Potential abilities of VP that could reduce epidural scar adhesion and inhibit fibrotic cells proliferation of surgery sites were suggested in the present study. Multiple evaluations, including the hydroxyproline content evaluation, the histological analysis, the visual score system, and the density grade of fibrotic cells, suggested a good efficacy of VP in inhibiting intra-articular adhesion in rabbits. Previous studies reported the anti-fibrotic, anti-inflammatory, and anti-proliferative properties of VP employed in different fields [11-15]. In the present study, its properties were proven again in knee post-surgery rabbits. VP showed its superior effect in the aforementioned multiple-parameter analyses. Accordingly, both the depositing collagen fibrosis and joint adhesion decreased.

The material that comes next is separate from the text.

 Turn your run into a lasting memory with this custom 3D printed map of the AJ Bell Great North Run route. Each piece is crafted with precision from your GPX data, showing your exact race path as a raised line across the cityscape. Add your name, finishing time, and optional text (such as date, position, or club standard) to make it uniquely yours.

Previous research and the present results may indicate some possible mechanisms that make VP effective in preventing knee joint adhesion [14,20]. We hypothesize that the major mechanisms of VP in preventing intra-articular adhesion are its role on reducing fibrotic cells proliferation and down-regulating inflammatory activity [21]. Undoubtedly, this needs further research.

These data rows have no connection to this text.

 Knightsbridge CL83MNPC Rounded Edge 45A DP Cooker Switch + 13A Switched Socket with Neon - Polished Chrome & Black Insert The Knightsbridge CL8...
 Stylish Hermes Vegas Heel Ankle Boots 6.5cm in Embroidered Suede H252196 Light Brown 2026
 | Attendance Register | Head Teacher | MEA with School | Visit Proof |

Despite recent advances in the understanding of wound healing and scar formation, the treatment of intra-articular adhesion is still controversial. For the first time, in 1990 by Lee and Ping, VP clinically used collagen matrix in connective tissue remodeling [22]. Subsequently, the literature reported VP to be a promising treatment for earlobe keloids, with a 55% cure rate [23]. A recent orthopedics report suggests that VP could be a good choice for inhibiting epidural fibrosis [14]. A recent hypothesis suggests that the use of platelet-rich plasma can promote the clinical healing of meniscal tears [24]. Thus, the combination of VP and platelet-rich plasma is a potential strategy that needs to be tested. To the best of our knowledge, the present study is the first to investigate the suppressive effects of VP on intra-articular adhesion in rabbits. Further research on drug safety, safe and effective concentration, long-term effects, and possible adverse effects of VP are all needed before clinical trials can be performed.

Conclusions

In our rabbit model of knee surgery, intra-articular application of VP was able to decrease intra-articular adhesion formation after surgery. We showed that VP could prevent rabbit intra-articular adhesion in a dose-dependent manner, and the highest concentration used in the study (5 mg/ml) proved to be the most effective.